- **Recorded data**
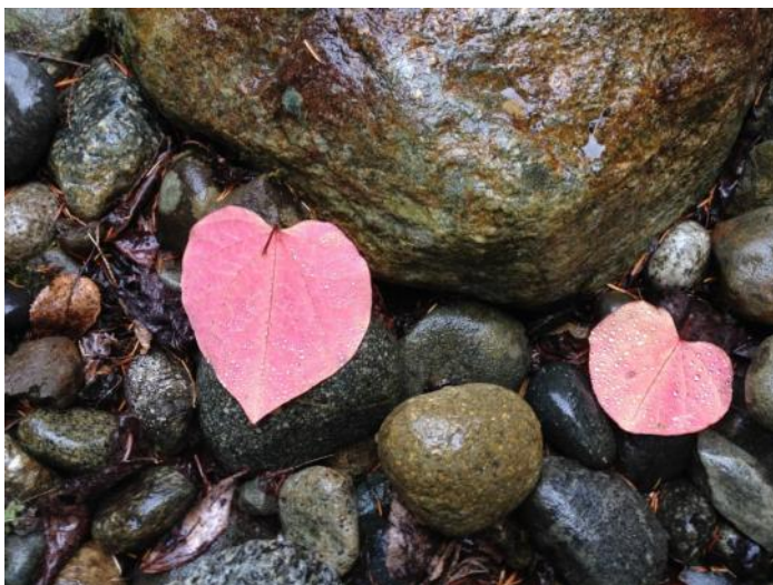
Fallen Redbud leaves submitted by: Kris Burns.
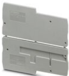
End cover, length: 74.4 mm, width: 2.2 mm, height: 33.8 mm, color: gray

Please be informed that the data shown in this PDF Document is generated from our Online Catalog. Please find the complete data in the user's documentation. Our General Terms of Use for Downloads are valid ( http://phoenixcontact.com/download )
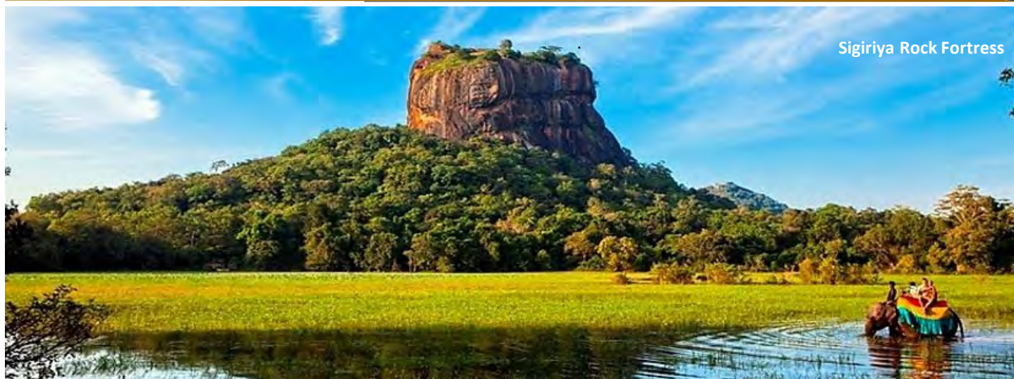
Sigiriya Rock Fortress
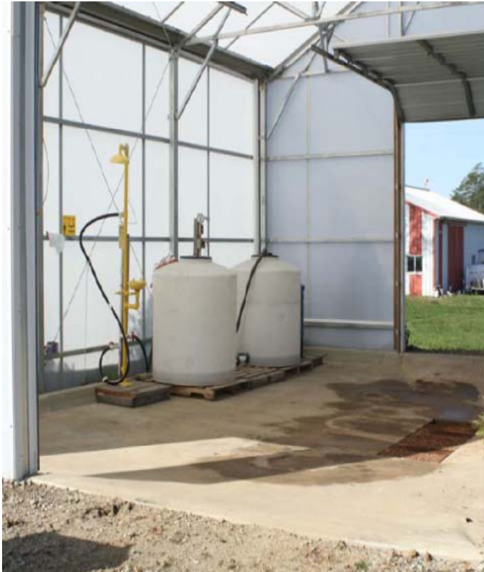
Figure 1: Agricultural Pesticide Handling Facility Installed at Starkie Family Farms, Cutchogue

Construction or installation of APHFs begins after receiving LIAPHF EBP Committee approval. Approved sites receive 75 percent cost sharing pending availability of funding, with maximum reimbursement per handling facility set at thirty thousand dollars ($30,000.00). The LIAPHF Committee reviews and approves reimbursement of eligible expenses after receiving all required documentation. The SCSWCD administers the program and conducts all financial transactions.
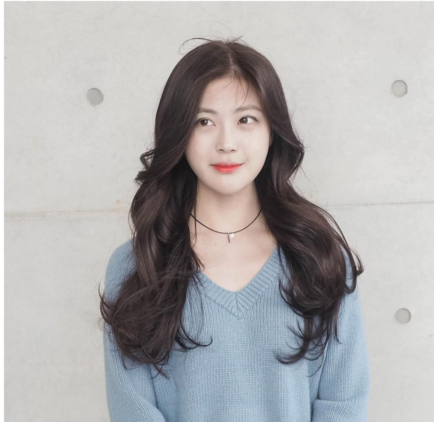
The most beautiful long curly hairstyle
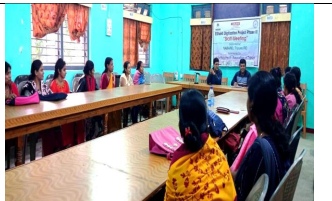
A Shakti Digitization Phase-III, Staff Training
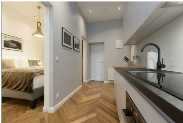
Küche - Schlafzimmer
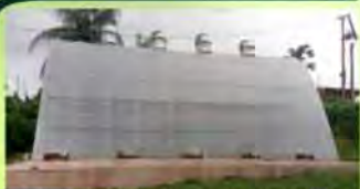
Automated Solar Dryer at Abia ADP for drying agricultural produce for exports
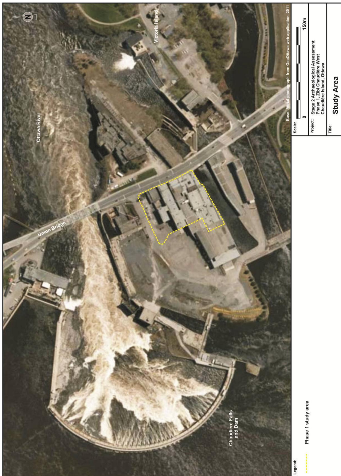
Figure 1. Recent aerial photograph depicting the Phase 1 Zibi Chaudière West study area where the required Stage 2 archaeological assessment has been completed.
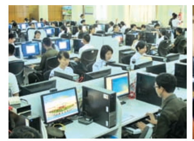
Careful evaluation in process after viewing the results of the 2014 census.

Under the registration card issuance program, 41,892 migrant workers in Thailand have received the card so far up to 23-2-2017.
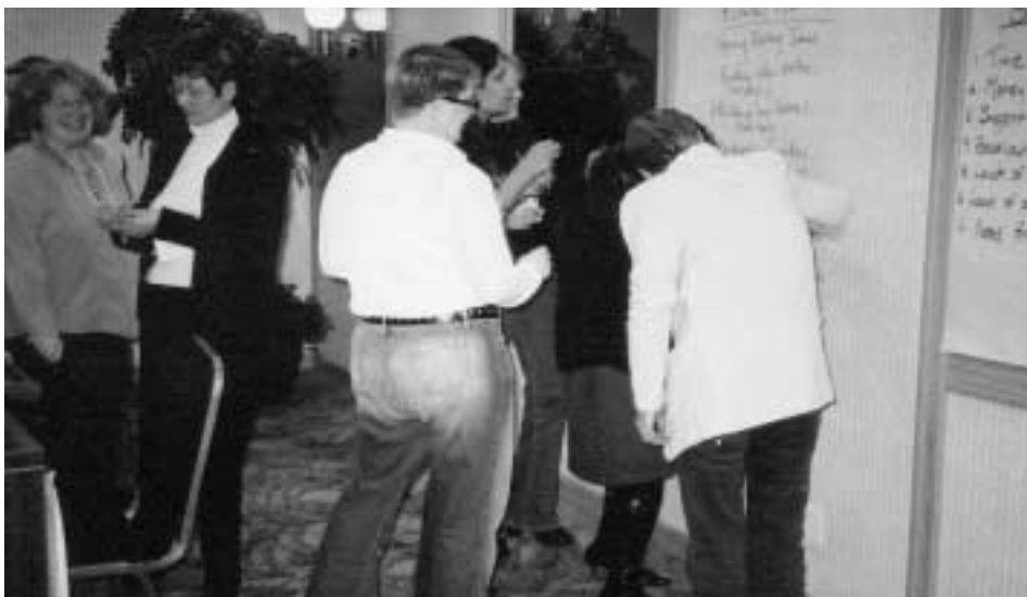
At the November workshop day, OAITH members choose priorities for skills development in coalition building between shelters, with other community advocates and with survivors of violence.

We are hoping during the advocacy project timeframe to find a solution that allows us to build a website that is current and supportive to shelter staff, volunteers and Boards that want to work on systemic advocacy issues.
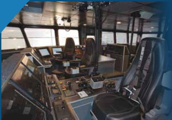
▲ CAPE ST GEORGE BRIDGE

The Cape Class Patrol Boats are designed to accommodate future upgrades in weapons systems, surveillance technology and response capability.
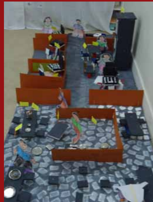
Class 3- Model of Claris Headquarters
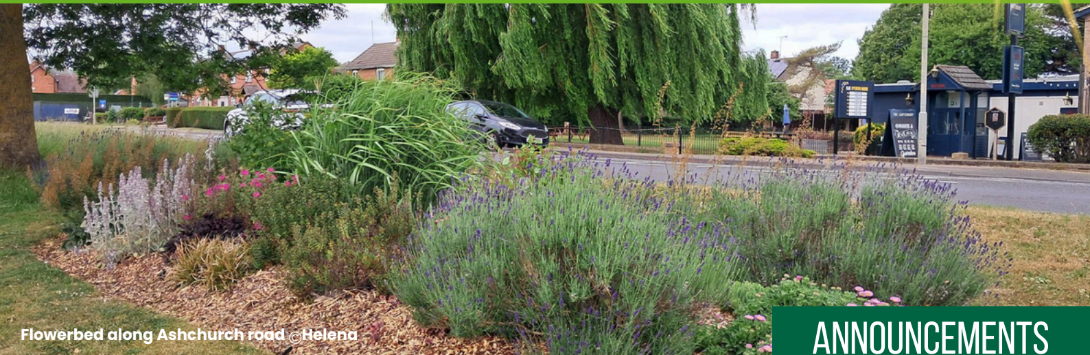
Flowerbed along Ashchurch road
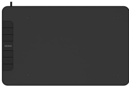
VK640 Pen Tablet
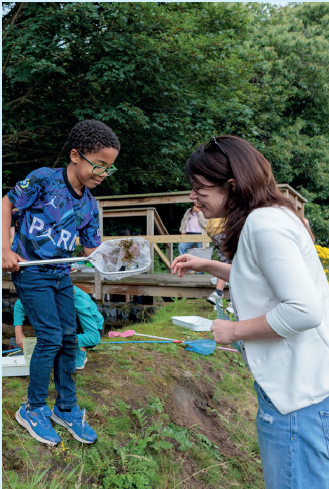
The annual Bugs, Birds and Beasts Day returned to Imperial's Silwood Park campus on 25 July.
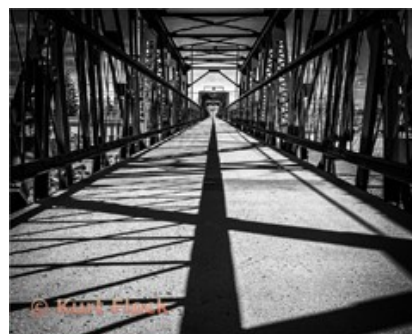
AOM Monochrome, Group 4 Kurt Flock
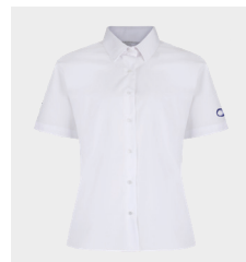
Twin Pack Shirt or Blouses
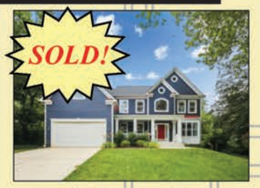
1639 Macon Street McLean, 22101 $2,215,000
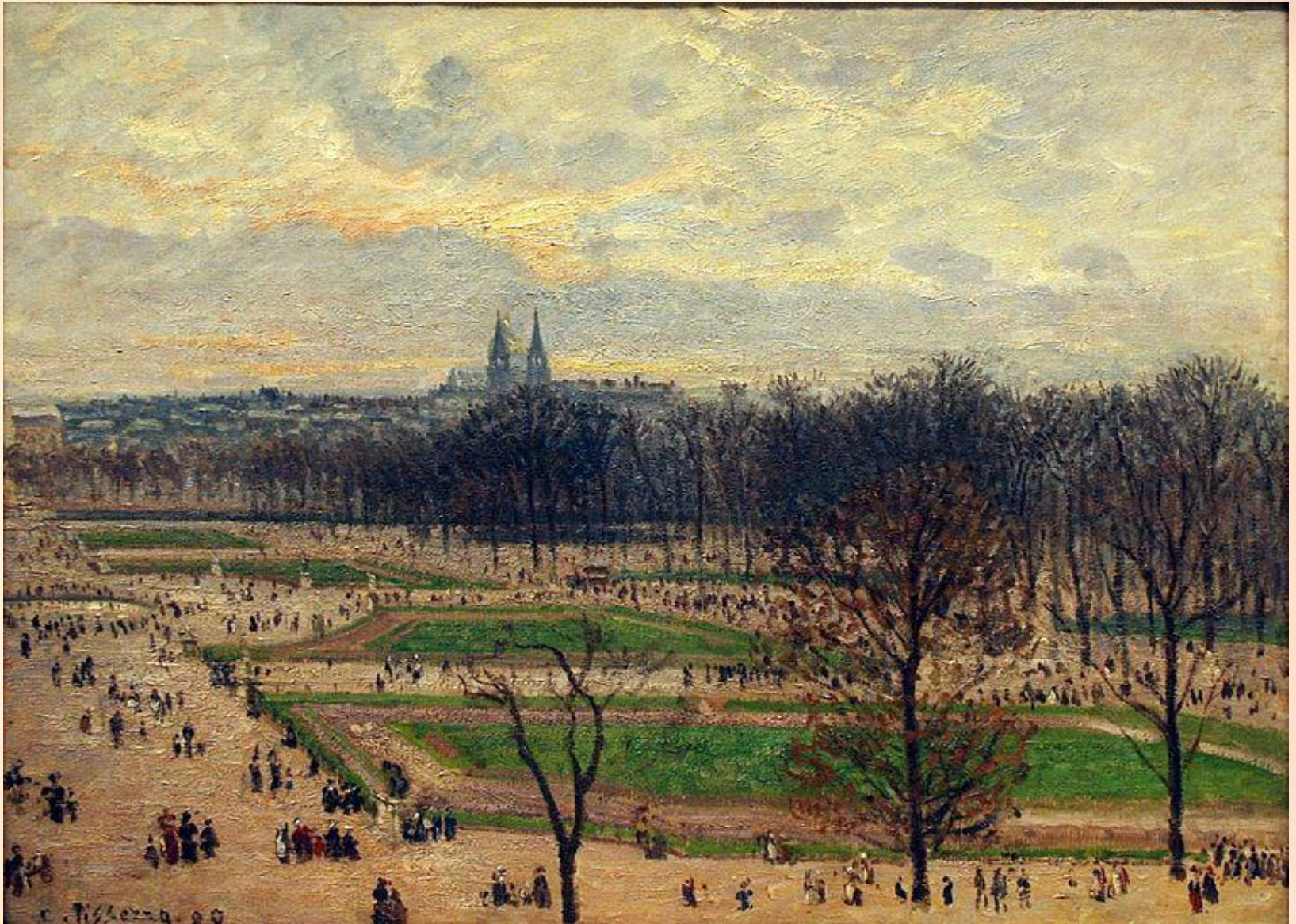
“The Garden of the Tuileries on a Winter Afternoon”
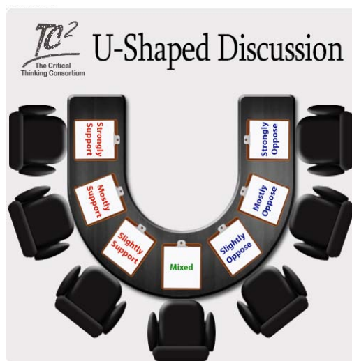
Figure 1. The U-shape discussion.

The proposed Type III design addresses the need to embed CT pedagogy as a means of meeting the goal of teaching CT. The author is doing this by adapting the Type II characterizations as Type III objects (see Table 2). The “Tools for Thought Development Projects I & II” involves a group of developers addressing the Type III criteria by designing objects intended for use within distance learning environments or within live K-12 classrooms and lecture hall practice. Below, the author briefly describes four of the 14 objects currently under development as well as provides a link to a pilot video illustrating the sort of CT embedded support material accompanying the use of the objects.

- **Task statement**
An exact copy of the lines above from the one with "Construction or installation" up to and including the one with "Figure 1. Recent" is required; reproduce only those lines, omitting all pictures.

- **Answer space**
Construction or installation of APHFs begins after receiving LIAPHF EBP Committee approval. Approved sites receive 75 percent cost sharing pending availability of funding, with maximum reimbursement per handling facility set at thirty thousand dollars ($30,000.00). The LIAPHF Committee reviews and approves reimbursement of eligible expenses after receiving all required documentation. The SCSWCD administers the program and conducts all financial transactions.
The most beautiful long curly hairstyle
A Shakti Digitization Phase-III, Staff Training
Küche - Schlafzimmer
Automated Solar Dryer at Abia ADP for drying agricultural produce for exports
Figure 1. Recent aerial photograph depicting the Phase 1 Zibi Chaudière West study area where the required Stage 2 archaeological assessment has been completed.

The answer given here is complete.